St. Andrew’s Cross

Hypericum hypericoides (formerly Ascyrum hypericoides)


Illustration of St. Andrew's cross leaves, flowers, fruit.
St. Andrew's cross, Hypericum hypericoides
Paul Nelson

Clusiaceae (St. John’s-worts)


St. Andrew's cross is a small shrub with smooth, reddish bark that peels away in thin strips or flakes.

Flowers are bright lemon yellow; the 4 petals form an oblique cross; there are 4 sepals, of which 2 are large and 2 extremely small; with many stamens. Blooms July–October.

Leaves are opposite, sessile, lighter green below, narrowed at the base, to 1 inch long.

Fruits are ovoid capsules, widest at or below the middle, tapered to a short beak, flattened, with numerous seeds.

Of the two varieties in the state, the more common, var. multicaule, grows only to about 1 foot tall; it is bushy and branches at the base.

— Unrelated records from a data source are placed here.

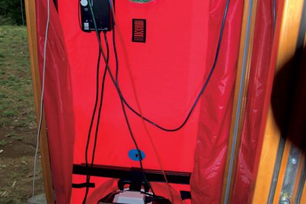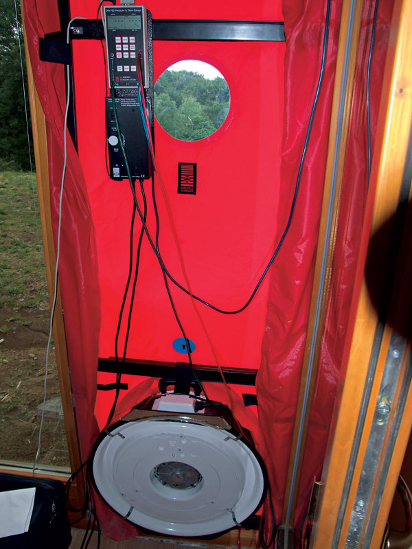 | Obr. 7 Budova sa podrobila skúške vzduchotesnosti – takzvanému Blower-door testu. | Obr. 8 Počas skúšky sa vytvoril pretlak, respektíve podtlak, pri ktorom sa dali zistiť miesta netesností. |
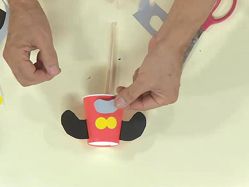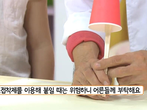 먼저 나무젓가락과 종이컵을 붙이는데 테이프나 풀은 떨어질 위험이 있으니 접착제로 안쪽을 붙인다.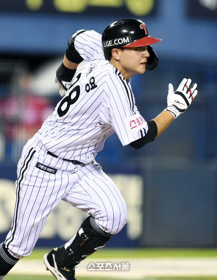 LG 최원영이 4일 잠실구장에서 열린 2024 KBO리그 SSG와 경기 2회말 2사 2루 상황에서 SSG 선발 오원석을 상대로 1타점 2루타를 치고 힘차게 베이스 러닝을 하고 있다. 2024. 9. 4.

Var. hypericoides is taller and doesn’t branch at the base, though it branches well above ground level.

Similar species: Missouri has 14 species of Hypericum. All have opposite, simple, entire leaves with small resin dots, flowers with 4 or 5 yellow petals, 4 or 5 sepals, many stamens, and 1 pistil. Many are small shrubs, with twigs often angled or 2-winged. The capsules have numerous seeds.


Height: from 4 inches to 2 feet; sometimes nearly 5 feet tall.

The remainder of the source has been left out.